Published in 20th-century / Contemporary History, Issue 4 (Jul/Aug 2005), News, News, Volume 13

One of the successes of last year’s ‘Contesting History’ course in Trinity College (sponsored by History Ireland and running on Monday evenings for eighteen weeks from October 2004) was not just the debates that were stimulated on the night but also the homage that is being paid to it in an upcoming RTÉ Radio series, Reputations. RTÉ broadcaster Myles Dungan (Rattlebag, Mon.–Fri. 2.45pm, Radio 1) was a frequent attender and loved the format of ‘Contesting History’ so much (two guest lecturers taking opposing viewpoints on controversial areas of Irish history) that he candidly admits to having stolen it for his Reputations series. The idea here is that two historians take up opposing views on half a dozen of the most controversial figures in Irish history—Pearse, Parnell, O’Connell, Tone, Hugh O’Neill and Dermot McMurrough. They act, in effect, as prosecution and defence counsel for their particular ‘client’.

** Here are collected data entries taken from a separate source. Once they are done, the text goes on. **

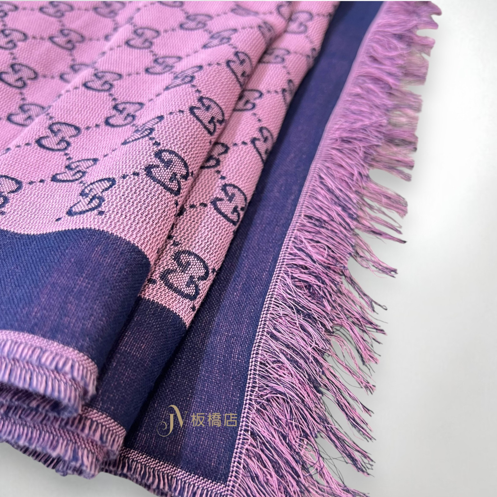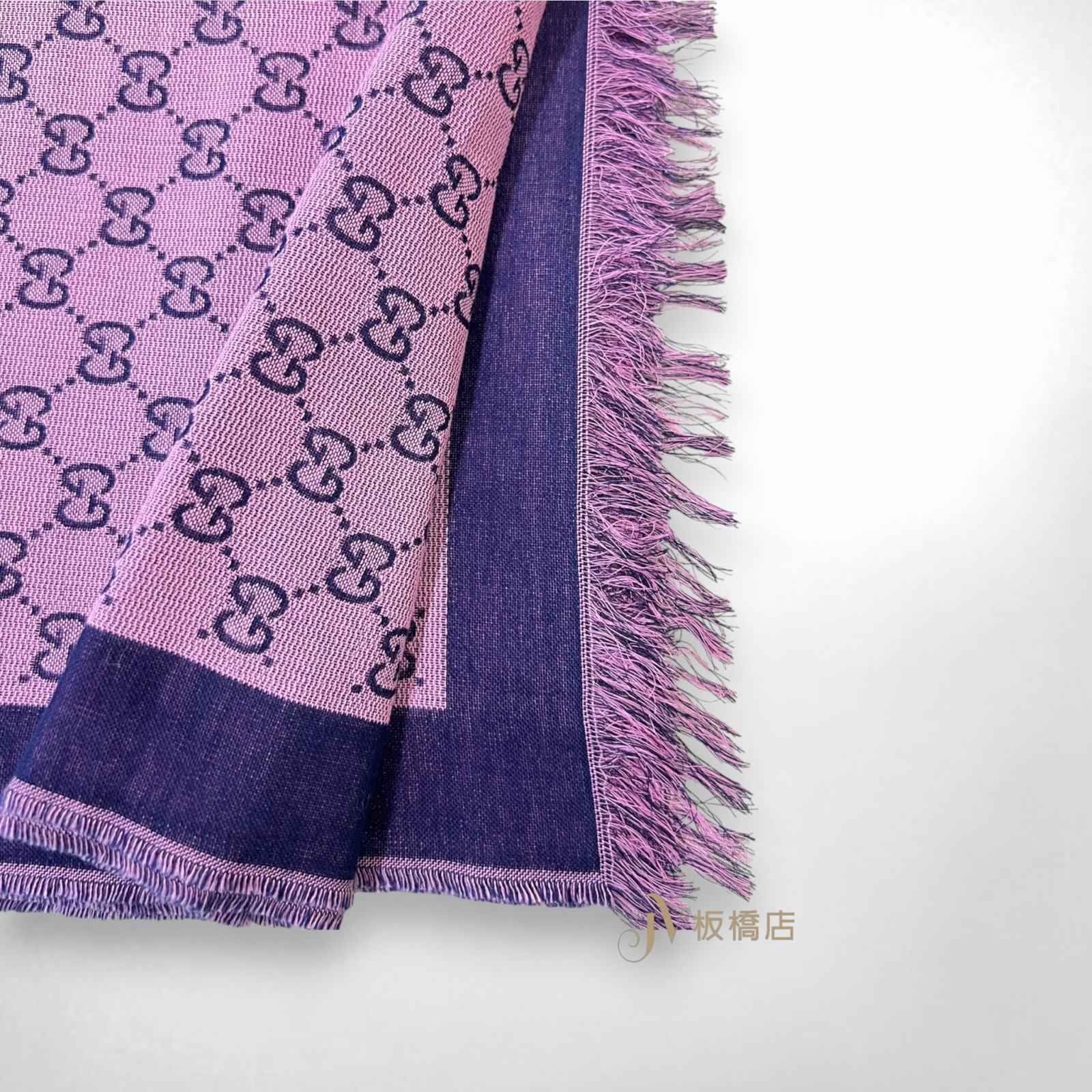 JS1057 Gucci圍巾 粉紫色GG緹花100%棉圍巾 (板橋店)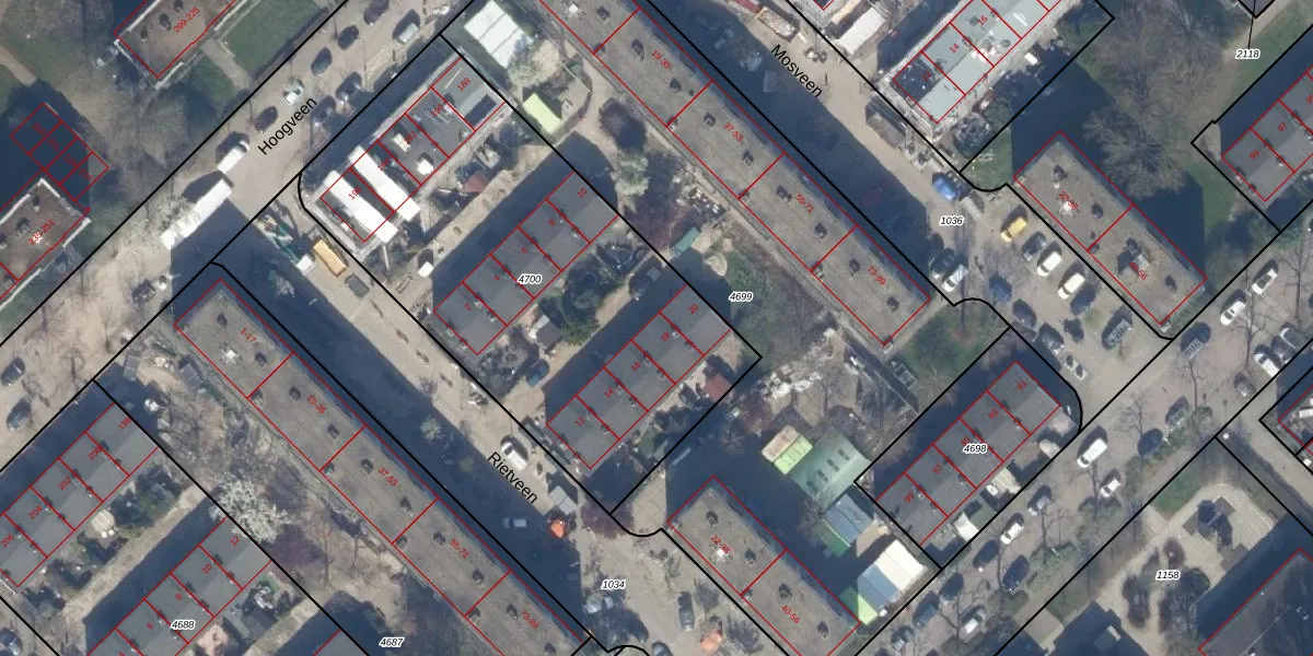 Rietveen 18 is gelegen op kadastraal perceel GVH37AW4700. Deze kadastrale aanduiding is uniek en wordt gebruikt door het Kadaster om eigendomsrechten en andere zakelijke rechten vast te leggen. Het perceel maakt onderdeel uit van de kadastrale gemeente 's-Gravenhage.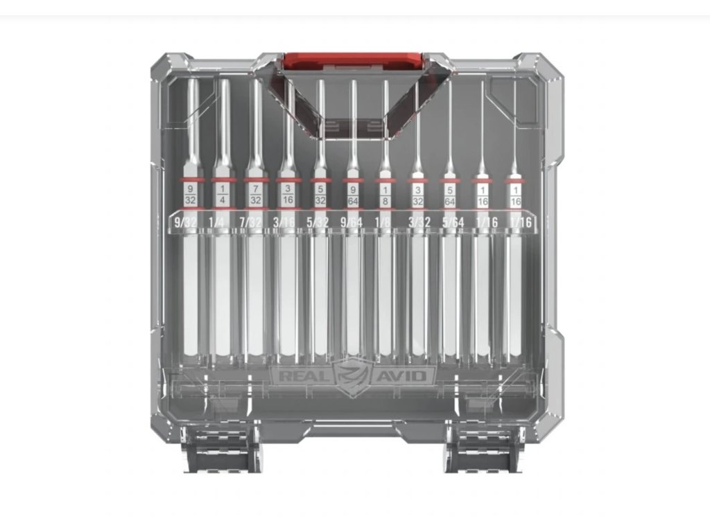 Souprava 11 průbojníků Real Avid je navržena pro přesnou a bezpečnou práci při demontáži a údržbě široké škály zbraní. Všechny průbojníky jsou vyrobené z tvrzené oceli, která jim dodává vysokou pevnost, a jejich niklovaný povrch je chrání před korozí i dlouhodobým opotřebením.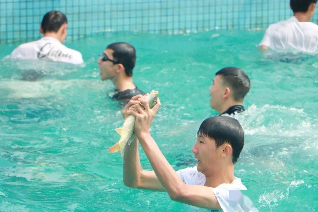 褪去书本的厚重,换上轻便的泳装,毕业班的同学们早已按捺不住,纷纷跃入清澈的池水。目标明确:池中那些灵动机敏的鲜鱼!这一刻,泳池成了青春的竞技场。不再是单打独斗,同学们自发结成小队:有人负责“驱赶”,将鱼群逼向角落;有人眼疾手快,俯身合围;更有身手矫健者,一个猛子扎下去,双手紧紧锁住“战利品”!岸上的同学则化身最强啦啦队,指挥声、加油声、成功捕获的欢呼声此起彼伏,池水被青春的热情搅得沸腾。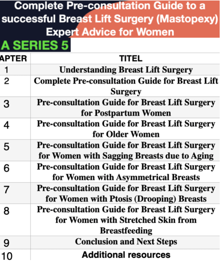 pre-consultation e-book: understanding breast lift surgery for: generals, postpartum women, older women, with asymmetrical breasts, with drooping breasts, with Stretched skin from breastfeeding, lastly additional online resources and support groups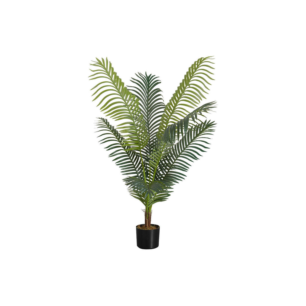 • Add a tropical burst of greenery to any floor of your home or office with this 47" tall artificial indoor palm tree in a 5" black pot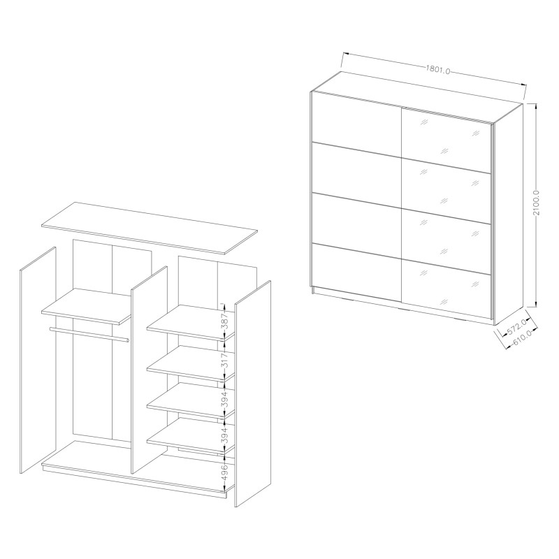 - Dzięki przemyślanemu układowi wnętrza umożliwia łatwą organizację ubrań, obuwia i akcesoriów. Zawsze masz wszystko pod ręką, a Twoje rzeczy są starannie uporządkowane.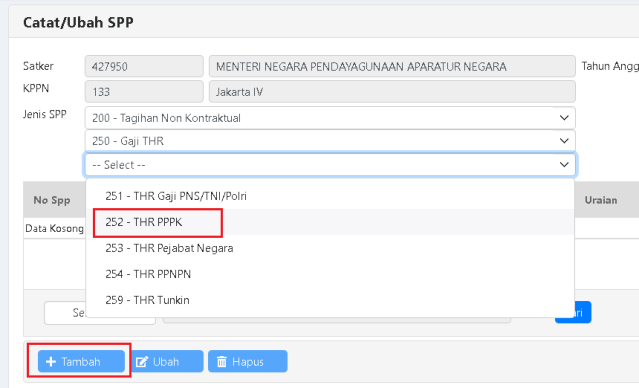 a. Pilih Jenis SPP 252 – THR PPPK.

In the first programme Ruth Dudley Edwards, biographer of Patrick Pearse, and Senator Martin Mansergh, former government adviser, get to grips with the reputation of the 1916 leader. Roy Foster and Paul Bew tackle Charles Stewart Parnell. The reputation of Daniel O’Connell is questioned by Tom Bartlett and defended by Kevin Whelan. Tom Dunne and Patrick Geoghegan (one of the two convenors of the ‘Contesting History’ series) do battle over Wolfe Tone. Ciarán Brady (the other convenor) and Tadhg Ó Hannracháin discuss the merits and demerits of Hugh O’Neill, while Elva Johnston and Edel Bhreathnach feature in the final programme on Dermot McMurrough.

The series will be broadcast from 26 July on Tuesdays at 11.00am on RTÉ Radio 1.